_WORK INSTRUCTION_
Each entry must be given again exactly as it appears, with images excluded.

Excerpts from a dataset
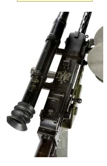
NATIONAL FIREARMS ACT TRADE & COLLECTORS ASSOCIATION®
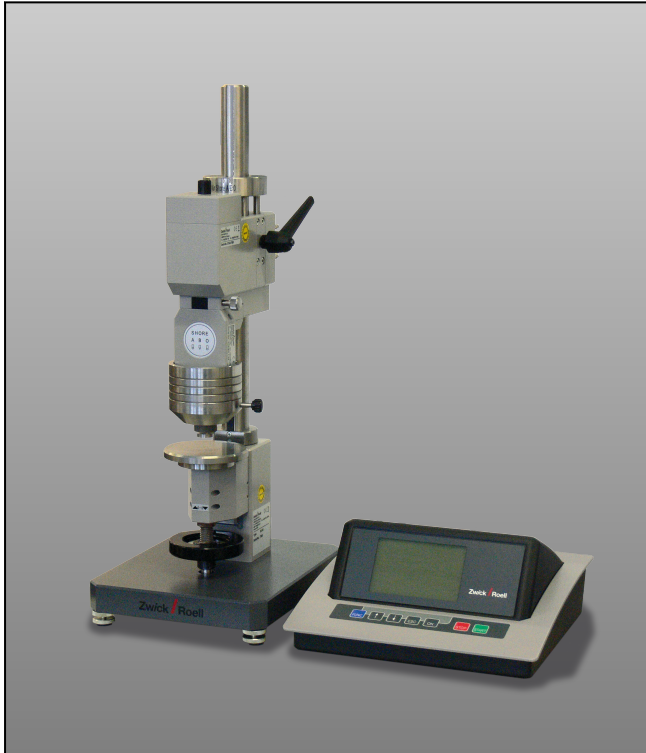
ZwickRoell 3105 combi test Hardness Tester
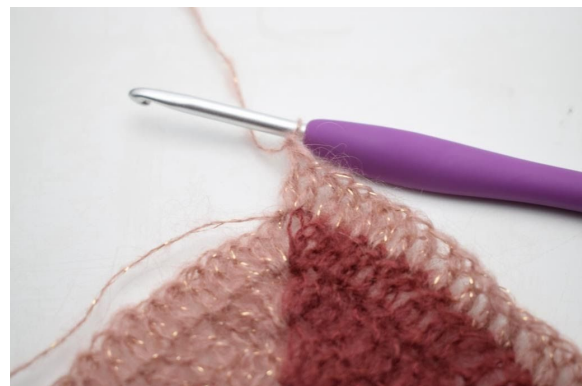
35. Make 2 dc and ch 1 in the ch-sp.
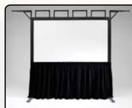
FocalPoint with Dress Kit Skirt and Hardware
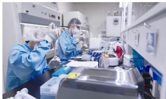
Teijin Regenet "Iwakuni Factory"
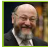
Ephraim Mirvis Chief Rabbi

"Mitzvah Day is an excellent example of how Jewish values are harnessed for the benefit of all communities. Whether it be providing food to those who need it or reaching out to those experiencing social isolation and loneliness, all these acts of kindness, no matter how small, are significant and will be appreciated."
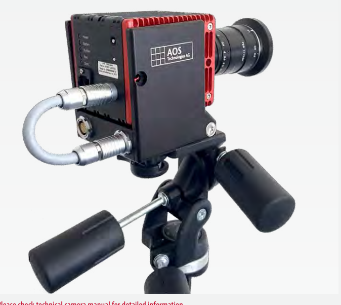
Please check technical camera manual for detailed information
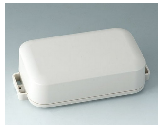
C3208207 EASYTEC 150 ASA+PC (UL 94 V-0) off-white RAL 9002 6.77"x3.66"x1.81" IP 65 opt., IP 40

_COMPLETED TASK_
NATIONAL FIREARMS ACT TRADE & COLLECTORS ASSOCIATION®
ZwickRoell 3105 combi test Hardness Tester
35. Make 2 dc and ch 1 in the ch-sp.
FocalPoint with Dress Kit Skirt and Hardware
Teijin Regenet "Iwakuni Factory"
Ephraim Mirvis Chief Rabbi

"Mitzvah Day is an excellent example of how Jewish values are harnessed for the benefit of all communities. Whether it be providing food to those who need it or reaching out to those experiencing social isolation and loneliness, all these acts of kindness, no matter how small, are significant and will be appreciated."
Please check technical camera manual for detailed information
C3208207 EASYTEC 150 ASA+PC (UL 94 V-0) off-white RAL 9002 6.77"x3.66"x1.81" IP 65 opt., IP 40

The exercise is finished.